Fors

Fors eski zamanlarda kullanılan tuğun evrim geçirmiş halidir. Eski Türk devletlerinde her savaşçı grubun ve belki de savaşçı kişinin bile bir tuğu olurmuş. Şimdilerde fors bu yeri tutuyor ve herkesin forsu olmuyor. Toplum içerisinde gösteriş, caka vb. anlamları olsa da esas itibariyle tuğdaki simgesel anlamı ifade eder.

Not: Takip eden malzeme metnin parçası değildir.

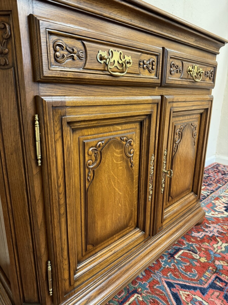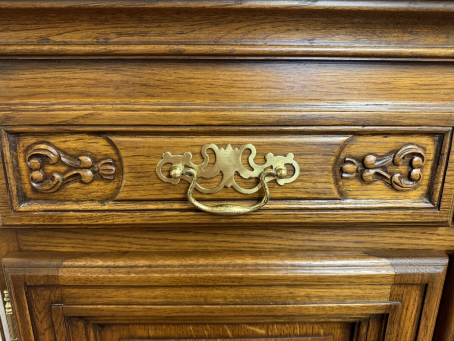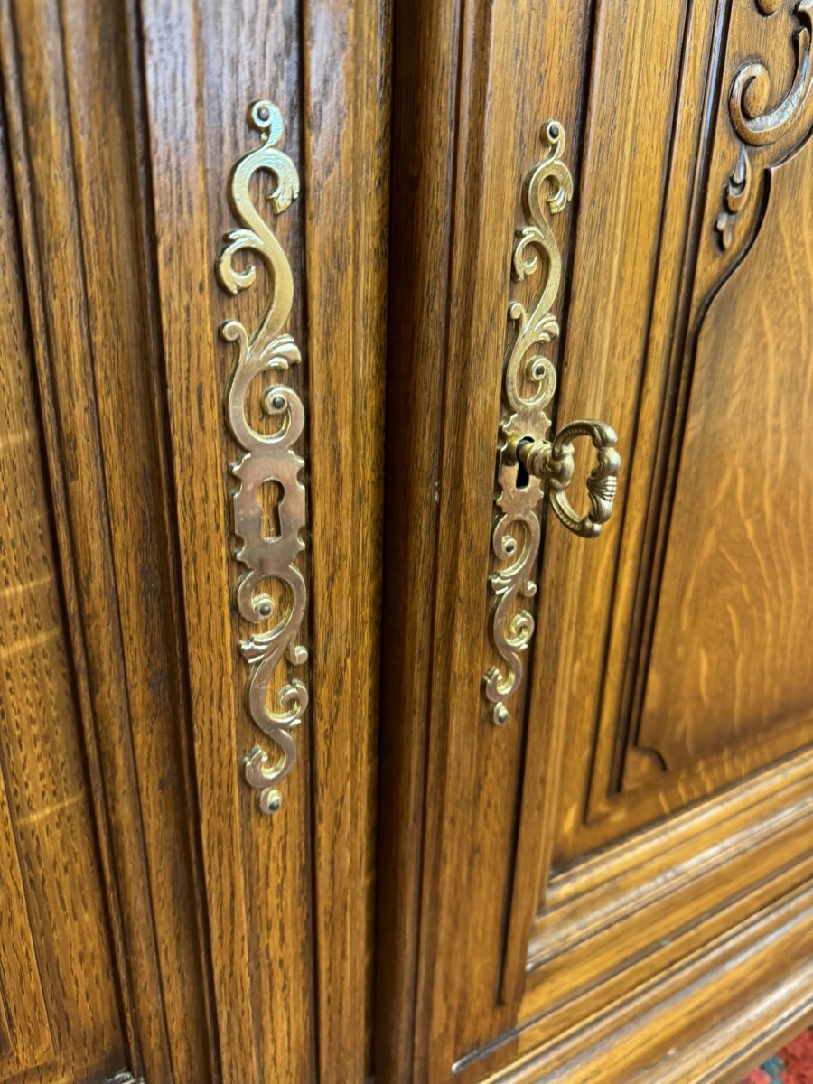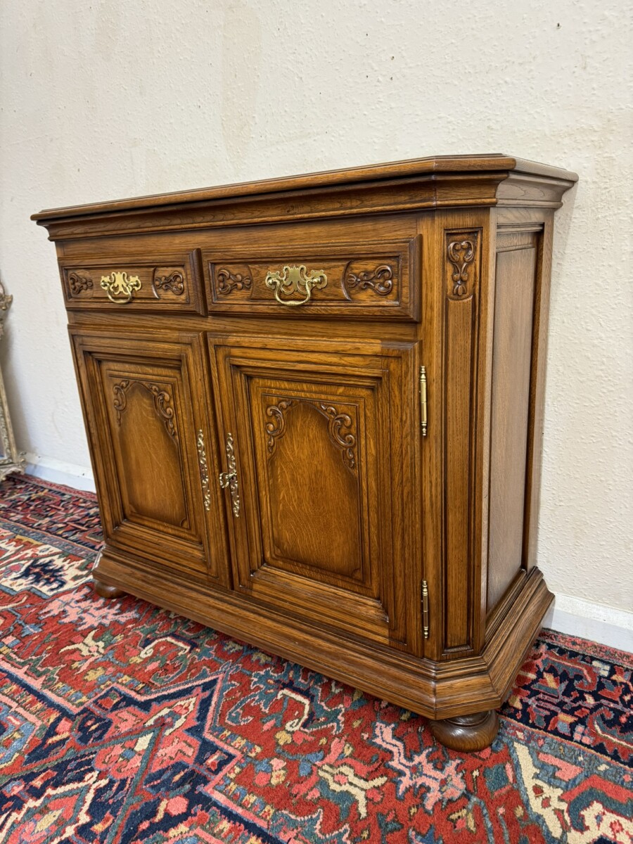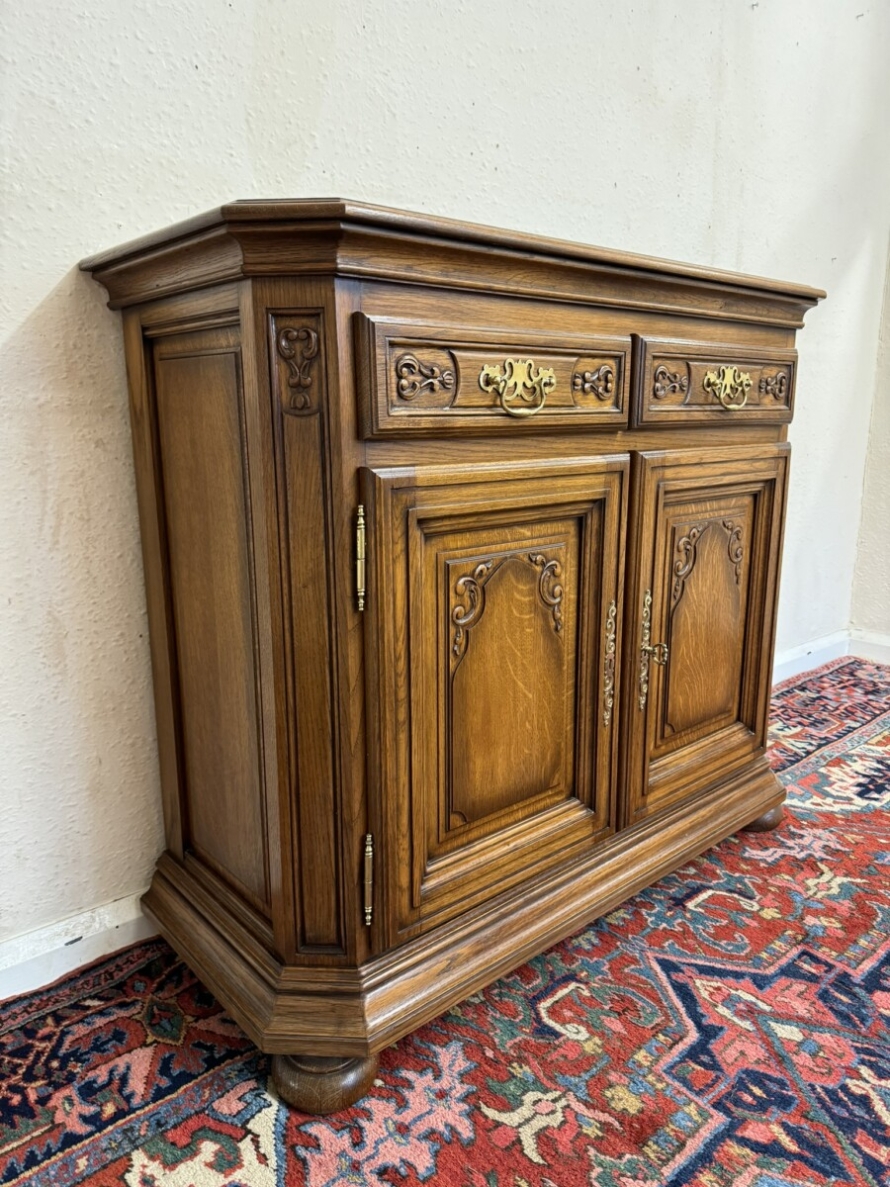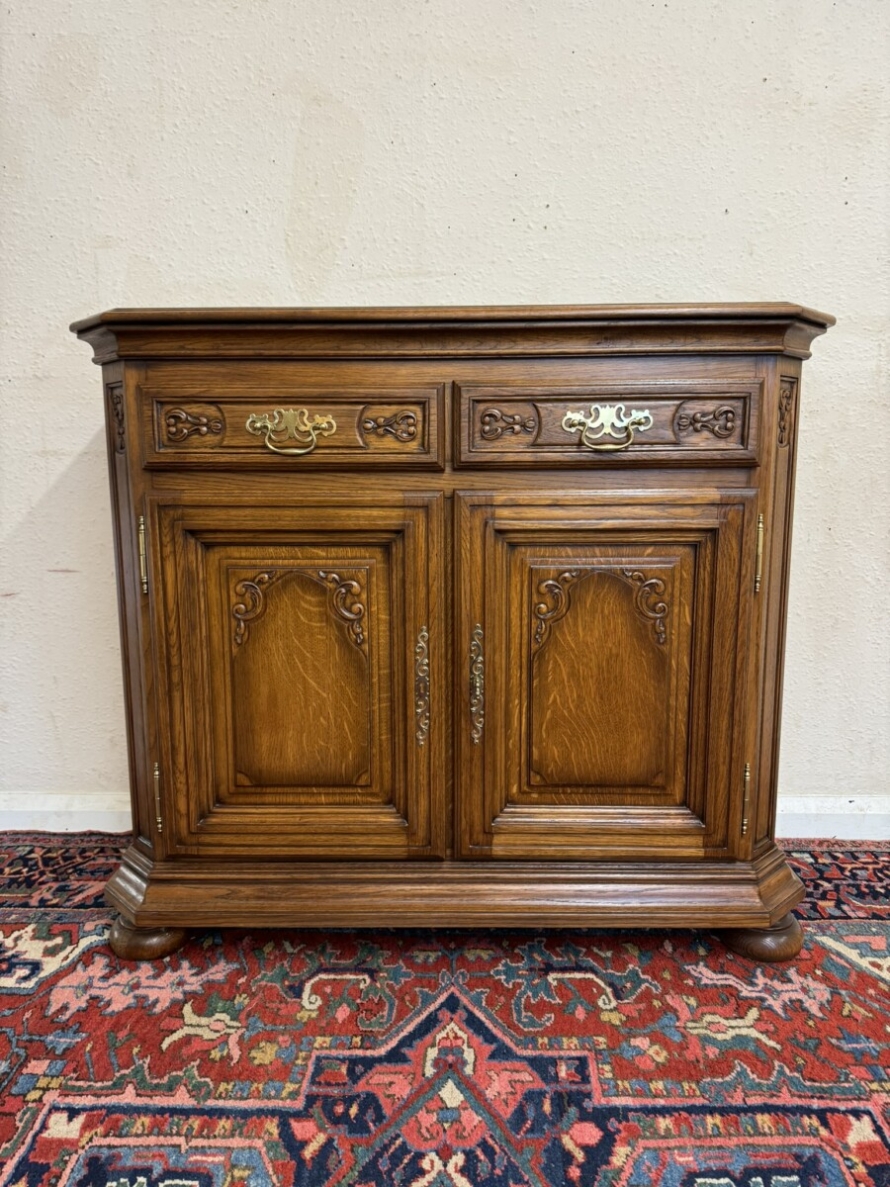 The oversailing top has front canted corners, below are a pair of carved drawers, each drawer has a brass handle, below are a pair of lockable carved panelled doors, the doors open to reveal a removable shelf. Fielded panelled sides and standing on two bun feet to the front.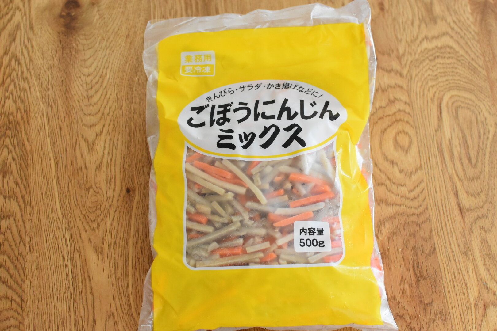 カットされたにんじんとごぼうのセットです。シンプルな組み合わせで、使う料理を選ばないのが、こちらの商品の魅力。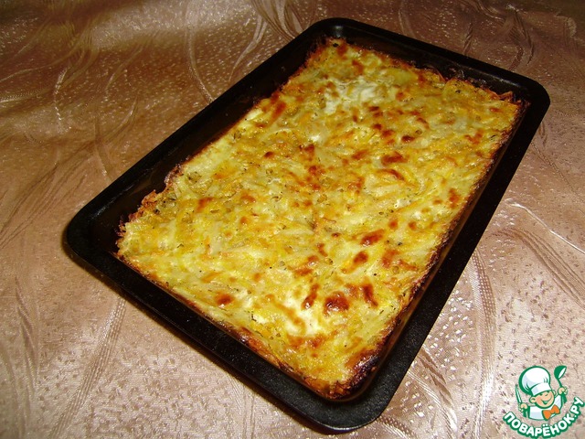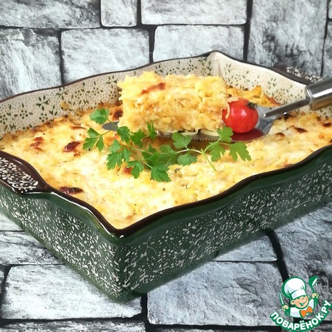 Выложить в форму, смазать майонезом или сметаной. Выпекать в духовке 180 градусов 30-40 минут. Запеканка получается красивая, с ярко выраженным вкусом сыра.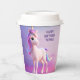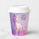 Niedliches weißes Einhorn mit rosa und blauem Mane Pappbecher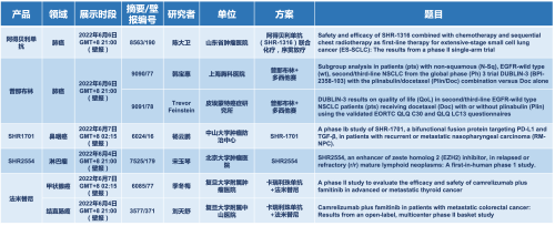 2022 ASCO年会另有5款8868体育上市前抗肿瘤创新药的相关研究被接收为壁报,包括SHR-1316、普那布林、法米替尼、SHR-1701和SHR2554,他们的单药或联合方案相关7项研究被接收为壁报,覆盖肺癌、鼻咽癌、淋巴瘤、甲状腺癌和结直肠癌等领域。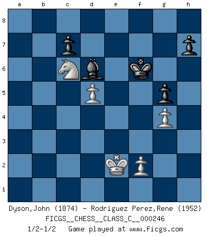 Last move : 1/2-1/2 2018 June 22 9:21:12 [Event "FICGS__CHESS__CLASS_C__000246"] [Site "FICGS"] [Date "2017.12.19"] [Round "1"] [White "Dyson,John"] [Black "Rodriguez Perez,Rene"] [Result "1/2-1/2"] [WhiteElo "1874"] [BlackElo "1952"] 1.Nf3 d5 2.g3 Nf6 3.Bg2 e6 4.O-O Be7 5.c4 O-O 6.d4 dxc4 7.Qc2 a6 8.a4 Bd7 9.Rd1 Bc6 10.Nc3 Bxf3 11.Bxf3 Nc6 12.Bxc6 bxc6 13.Bg5 Rb8 14.a5 Rb4 15.Na2 Rb5 16.Bxf6 Bxf6 17.Qxc4 Qd5 18.Rac1 Rxb2 19.Nb4 Qxa5 20.Nxc6 Qb5 21.e4 Re8 22.Rc2 Qxc4 23.Rxc4 g5 24.Kg2 Bg7 25.Ra4 Ra8 26.Rda1 Rb6 27.Rc1 Bf8 28.Na5 Rb4 29.Rxb4 Bxb4 30.Nc6 a5 31.Ra1 Bc3 32.Ra3 Bb2 33.Ra2 Ra6 34.d5 exd5 35.exd5 Bc3 36.Ra3 Bb2 37.Ra2 Bh8 38.Rxa5 Rxa5 39.Nxa5 Bd4 40.Kf3 f5 41.Nc6 Bc5 42.h3 Kf7 43.g4 Kf6 44.Ke2 fxg4 45.hxg4 Bd6 1/2-1/2 Reti : King's Indian attack (Barcza system) Kingside Castling by player White (move 4) Kingside Castling by player Black (move 5) 10 pieces endgame at move 45 : White KNPPP , Black KBPPP WHITE : King + 1 Knight 3 Pawns BLACK : King + 1 Bishop 3 Pawns This chess game ended in a draw. Follow this game move after move (download)Combinations have always been the most intriguing aspect of Chess. The masters look for them, the public applauds them, the critics praise them. It is because combinations are possible that Chess is more than a lifeless mathematical exercise. They are the poetry of the game; they are to Chess what melody is to music. They represent the triumph of mind over matter. (Reuben Fine) Gegen einen Schachcomputer zu verlieren ist wie Löcher in den Strümpfen zuhaben. Es ist nicht peinlich, solange man der einzige ist der es weiß. (Anonymous) El Ajedrez es tan interesante por sí solo, que no es necesario un interés monetario para persuadir a una persona a que lo practique; por lo tanto, nunca se juega por dinero. (Benjamin Franklin) On peut tirer plus d'utilité d'une partie perdue que de 100 parties gagnées. (Capablanca) I don't diet. I just don't eat as much as I'd like to. (Linda Evangelista, supermodel)

Bu kelime kullanıldığında aklıma on altı yıldızlı cumhurbaşkanlığı forsu gelir. Tarihte kurulmuş 16 bağımsız Türk devletini temsil eden on altı yıldız ve tabi ki Türkiye Cumhuriyetini simgeleyen ay yıldızlı al bayrağımız. Şimdilerde faşistlik olarak algılansa da bayrağa duyulan saygı önemlidir ve faşizanlıkla uzaktan yakından alakası yoktur. On altı adet devleti kuranların, devlet kavramını hayatlarından daha kıymetli bir yere oturtarak bayraklarının uğrunda ölenlerin faşistlikle uzaktan yakından alakaları yoktu. Devlet onlar için kutsaldı; bunun altında başka sebep aramak haksızlık olur. Milliyetçilik 19. yüzyılın bize hediyesidir. Dönemin konjonktürü gereği belki, belki de başka sebeplerden genç Türkiye Cumhuriyeti’nin de temel dayanak noktası milliyetçilik olmuştur. Bu vurgunun zararlarını ne yazık ki bizler çektik ve Allah’a şükür ki artık bu eğilimden kurtulma yolundayız. Fakat bu vatanı bizlere salimen bırakmak için, bu bayrağın semalarımızda dalgalanması için kanlarını, canlarını vermiş olan ecdadı unutmamız gerekmiyor. Milliyetçi-kavmiyetçi-ırkçı-faşizan söylemlerden uzak durmakla ecdada sırtını dönmek birbirleri ile paralel davranışlar değildir. Cumhurbaşkanlığı forsundaki yıldızların temsil ettiği 16 bağımsız Türk devletinin her biri bizim için ayrı ayrı kıymetlidir ve bugüne kadar zincirin halkalarını bozmadan bu devleti bize kadar getirenlere rahmet okumak bizler için bir borçtur.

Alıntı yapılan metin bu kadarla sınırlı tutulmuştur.